Have Lens, Will Travel: Exploring with the SIGMA 24mm F1.4 DG DN Art

A Versatile Yet Unique Focal Length

As a portrait and lifestyle photographer, there are so many reasons to love the 24mm focal length. It might seem like an abnormal lens to use in portraiture, but I’m often working in tight spaces within my home and find it’s a necessity. One of my favorite perspectives is to photograph my subject from above. The 24mm length makes it easy for me to capture my subject from this perspective. I also love to include a lot of the environment within my frame and it can be hard to achieve that with any other lens but the 24mm. I can effortlessly include a lot of important details that enhance the overall narrative of my portraits.

Yet another reason to love the focal length – there are times I need to be close to my children, especially while traveling. I’m able to easily photograph my little ones at play while we are out and about, and not have to worry about distancing myself from them to capture wide scenes. I can be close to them without missing those special moments.


Testing the SIGMA 24mm F1.4 DG DN | Art

Recently, I had the opportunity to test out the SIGMA 24mm F1.4 DG DN | Art lens and it quickly became my new favorite wide angle. The reason is simple. While I love the 24mm length for working in tight spaces, the 24mm F1.4 DG DN | Art is also an ideal lens for traveling. Whether I’m at home or out with my family, this lens is truly versatile, and I can use it everywhere with ease.

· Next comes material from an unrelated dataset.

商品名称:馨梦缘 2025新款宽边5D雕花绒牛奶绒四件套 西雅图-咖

Also, being a mother of five children, my hands are often full, so I need a lens that is going to be portable. Weighing just over 18 ounces, 24mm F1.4 DG DN | Art lens is easy to carry, especially considering its large F1.4 maximum aperture. From Chicago all the way to Rome, this compact and lightweight lens captures our family trips beautifully.

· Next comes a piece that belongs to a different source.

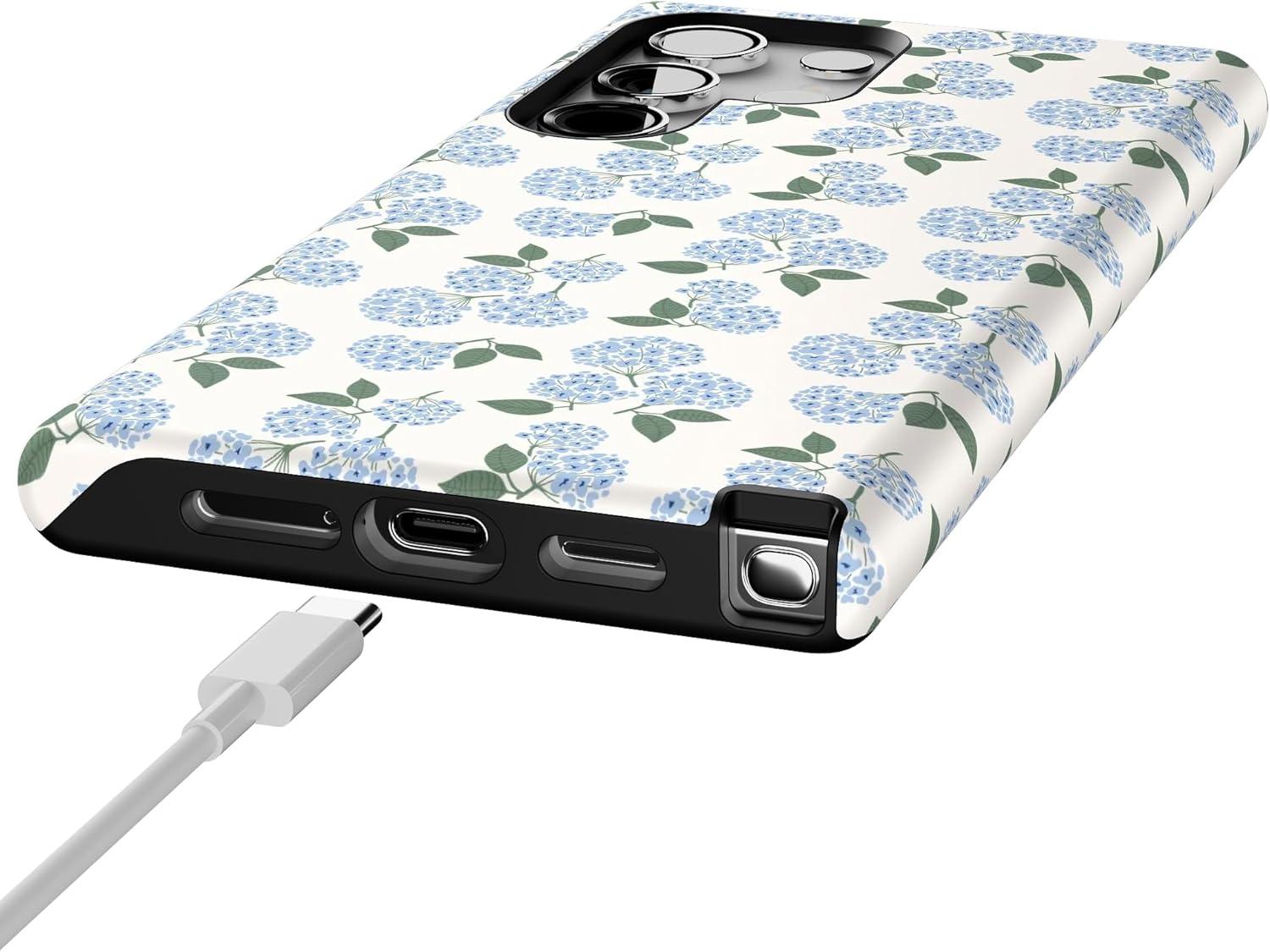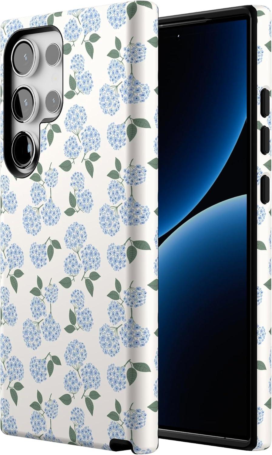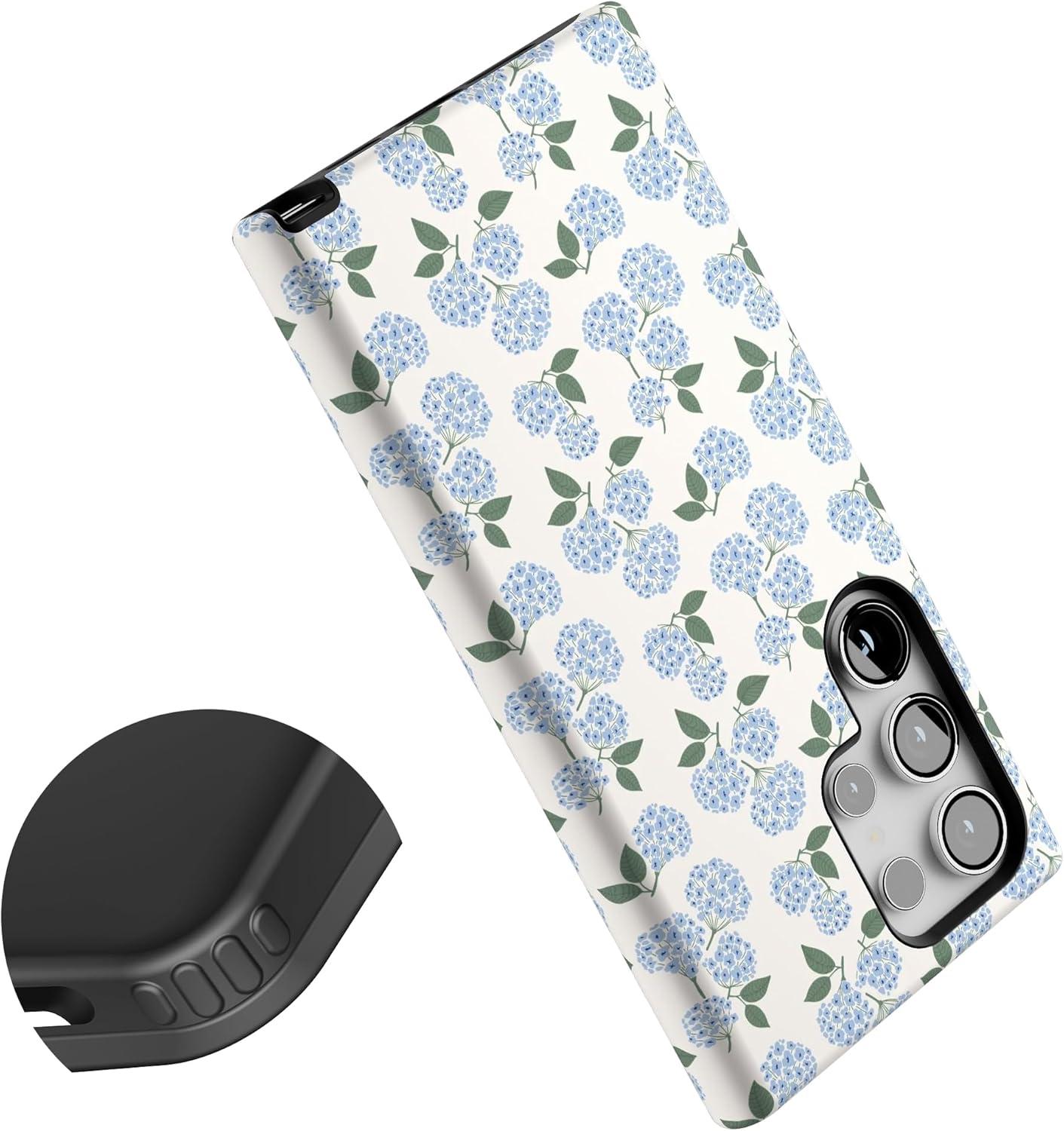 Casely Galaxy S24 Ultra Case | That’s Amore | Valentine’s | Essential Slim Dual-Layer Protective Design(Nantucket Cottage | Blue Hydrangea)

One thing that impressed me with the 24mm F1.4 DG DN | Art lens was the edge sharpness. Both the center and edge sharpness are the best I’ve ever seen from such a wide-angle lens. Even shooting nearly wide open with moving subjects, my images were tack sharp. I noticed a clear difference in edge sharpness with the landscape images I captured while in Italy. The SIGMA 24mm lens captured such beautiful, sharp details from the very center to the edges of each frame.

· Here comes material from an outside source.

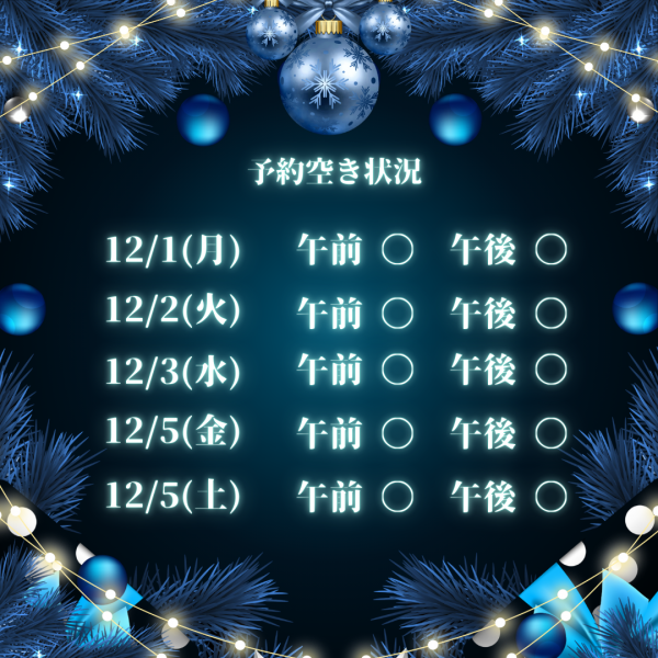 今週の予約空き状況 今週の予約空き状況 こんにちは!KINMAQ整体院 吹田院です❄️ 今年も残り1ヶ月をきりましたね。寒さも本格的になり、年末に向けてお忙しい日々をお過ごしのことと思います。疲れが溜まりやすい時期ですので、体調管理にはくれぐれもお気をつけください🙂↕️ 今週の予約空き状況をお知らせいたします。 今週は予約枠を多めにご用意しております!お身体にお悩みのある方、筋膜にご興味のある方、この機会に当院をお試しください💪 ※予約は先着順となります。
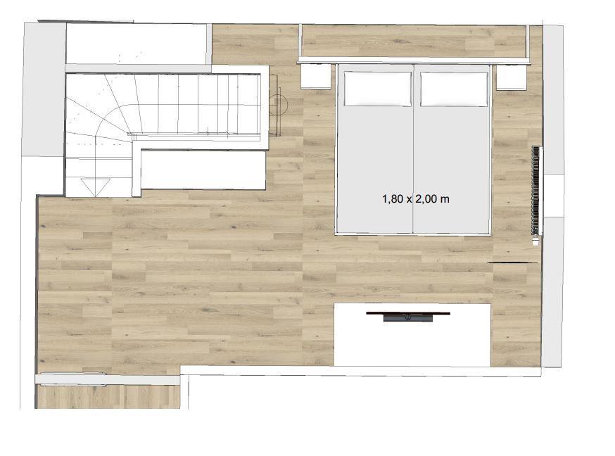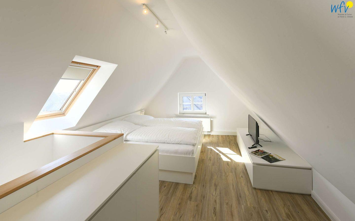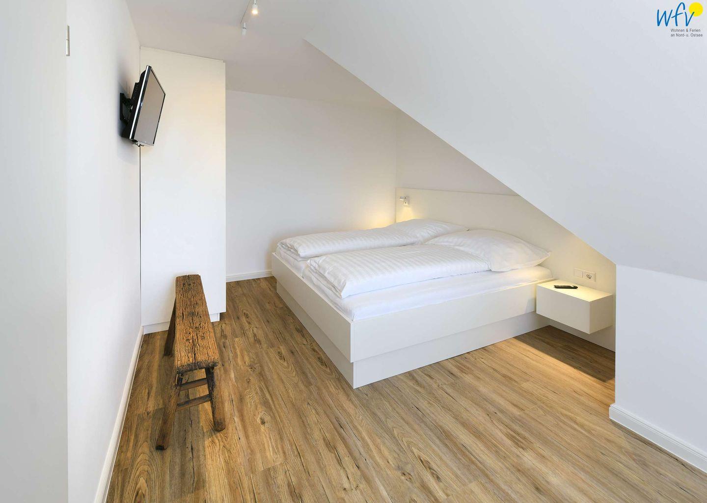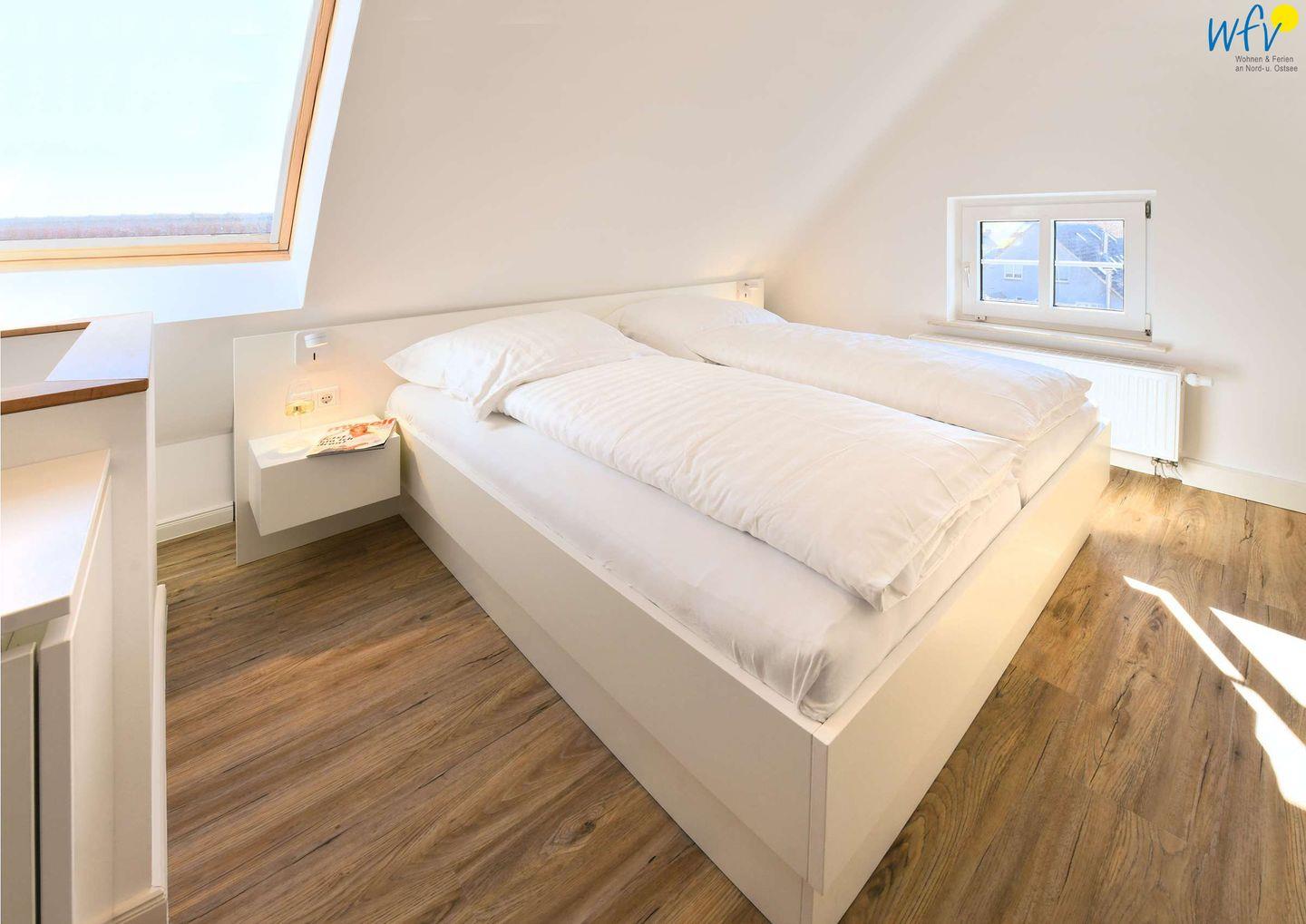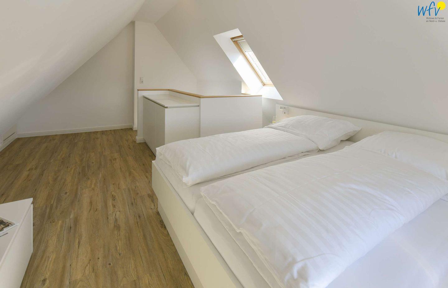 Das separate Schlafzimmer mit Doppelbett im Obergeschoss ist durch die Dachschräge sehr gemütlich. Dort finden Sie zudem noch einen kleinen Abstellraum mit Staubsauger, Wäscheständer,… auch Ihre Koffer haben hier Platz für eine kleine Reisepause. Achtung: die Treppe ist leicht steil und für Kleinkinder eher nicht geeignet.

Both the center and edge sharpness are the best I’ve ever seen from such a wide-angle lens.

Meg Loeks

One of my favorite features of the 24mm DG DN | Art lens is the manual aperture ring. You can choose to either set the aperture ring to A (auto) to lock the ring and electronically select the aperture, or you can manually select it. Sometimes, I find that manually selecting the aperture is quicker and more efficient, especially when photographing little ones. The aperture ring is smooth and clicks into place easily.

Over the past several years I have gravitated towards prime lenses for several reasons. One of those reasons is that I love to shoot in low light so I prefer to have a lens that can shoot wide open at F1.4 to keep my ISO down when possible. More importantly, the lens needs to be able to focus fast in this type of light especially when I’m photographing my children. The 24mm DG DN | Art lens does just that. It operates beautifully in low light. Focusing is fast and sharp even when there’s no natural light available.


What Makes This Lens Stand Out

There are an endless amount of reasons to love the new SIGMA 24mm F1.4 DG DN | Art lens. For me, it starts with the lightweight, compact design. I’m able to easily photograph my family in tight spaces within my home, or carry it with me while traveling… five kids in tow and all.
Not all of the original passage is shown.